Rescue workers stand on the wreckage of a capsized cruise boat in Bahrain
At least 12 Britons and three people with dual British nationality died when a crowded pleasure boat sank off the coast of Bahrain.
They were among 57 people who died when the boat capsized during a party in the Persian Gulf less than half a mile off the coast last night.
Officials fear the British death toll could rise further as some of the 150 passengers remain unaccounted for.
Up to 63 people were rescued from the two-deck Arabic dhow, whose owners said it may have turned over because of overcrowding.
Groups of divers working from small launches were continuing to search the wreckage and surrounding seas today.
Briton Raymond Austin, 50, who works for a concrete company, said he left the boat before it set off on its pleasure trip because he was worried about overcrowding.
He telephoned his daughter Rebecca at their home in Kent to tell her he was well but "shaken up and distraught".
Foreign Secretary Jack Straw said the British Government had offered to assist the authorities in Bahrain.
He said: "We have responded very quickly. The embassy in Bahrain has moved into action and a rapid deployment team has already been sent from London to assist."
Among the dead was an Irishman, as well as four South Africans, two Indian nationals and one person from Pakistan.
Most of the people on board were employees of South African construction company Murray & Roberts and a subcontractor.
They had joined a mix of Bahrainis and other Gulf Arab nationals to celebrate the completion of part of the Bahrain World Trade Centre towers.
The tragedy occurred at about 9.45pm local time (7.45pm BST) shortly after the boat set sail for a two-hour trip from the Marina Club in Manama, Bahrain's capital.
Survivors said the boat capsized without any warning as it returned to the port of Al Muharraq, in the far north east corner of the island state.

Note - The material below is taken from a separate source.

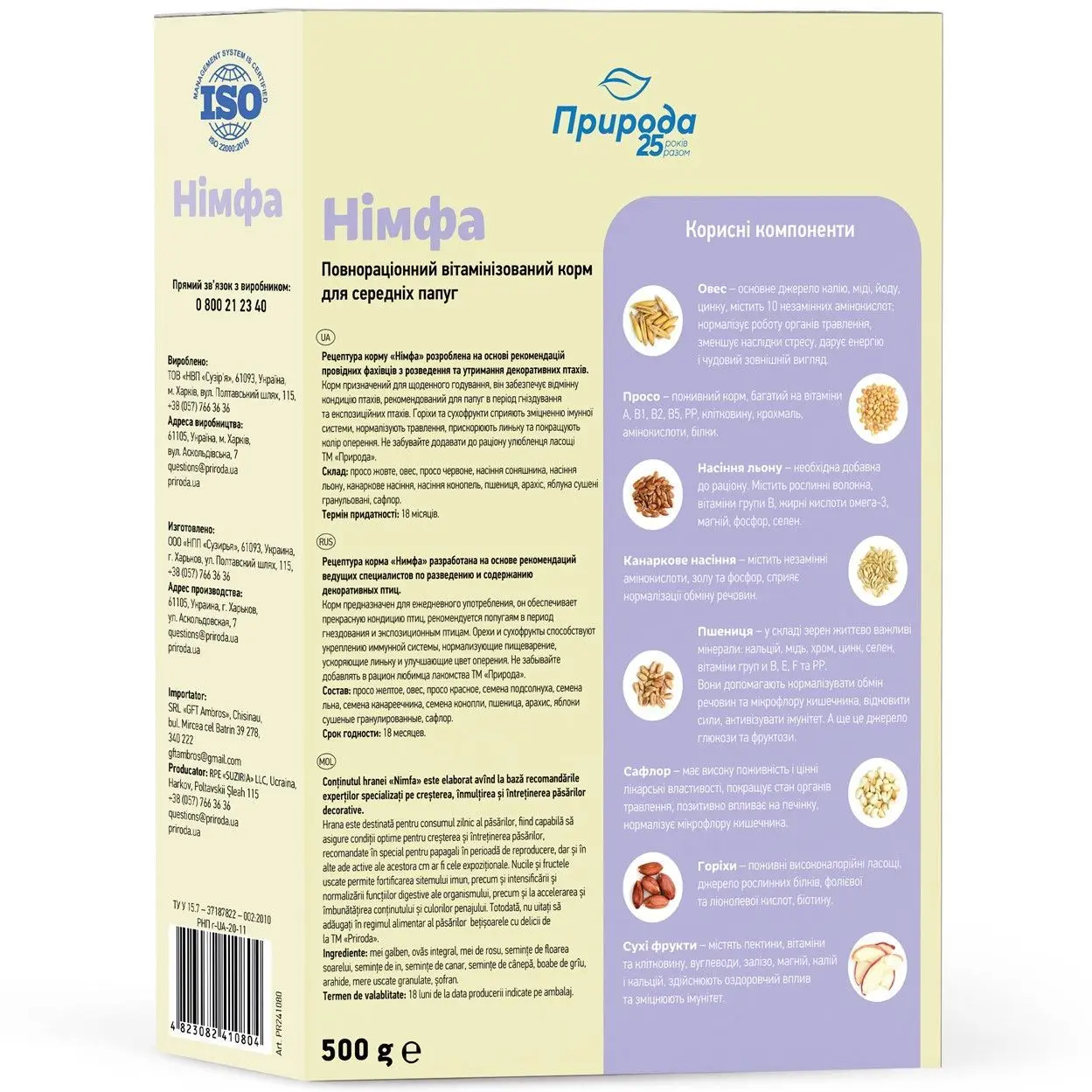 Рецептура корму Природа Німфа для середніх папуг розроблена на основі рекомендацій провідних фахівців з розведення та утримання декоративних птахів. Корм призначений для щоденного годування, він забезпечує відмінну кондицію птахів, рекомендований для папуг в період гніздування та експозиційних птахів.

Reporter Mazeeha Saeed, of newspaper Al-Watan, said passengers could still be seen in the water, clinging to pieces of wood, when she arrived at the scene.
She said: "Survivors were trying to swim or holding on to a piece of wood or something to save themselves.
"They don't know how it happened because it happened in seconds."
During the rescue operation, US helicopters and divers helped Bahrain coastguards search the water.
Bahrain's coastguard chief, Youssef al-Katem, said an investigation was under way, although it is understood weather conditions in the area were not to blame.
Television footage showed the capsized boat with rescue workers walking on its brown hull and others taking bodies wrapped in white sheets off a small dinghy.
The boat's owner, Isa Al Qobaisi, told Bahrain's Gulf Daily News newspaper that its captain did not want to take the vessel out to sea as it had a capacity for only 100 passengers.
Construction firm Murray & Roberts said that 15 of its staff were safe but 10 others had died in the sinking.
Brian Bruce, the company's chief executive, said managers had travelled from London to the island state to assist staff and families.
He said: "We are deeply shocked by this tragedy. Our sympathy and condolences go out to all those who have been affected."
British Ambassador to Bahrain Robin Lamb was flying back to the Gulf from the UK where he has been attending a leadership conference.
Foreign Office Minister Kim Howells, who is in the Middle East on official business, is also travelling to Bahrain.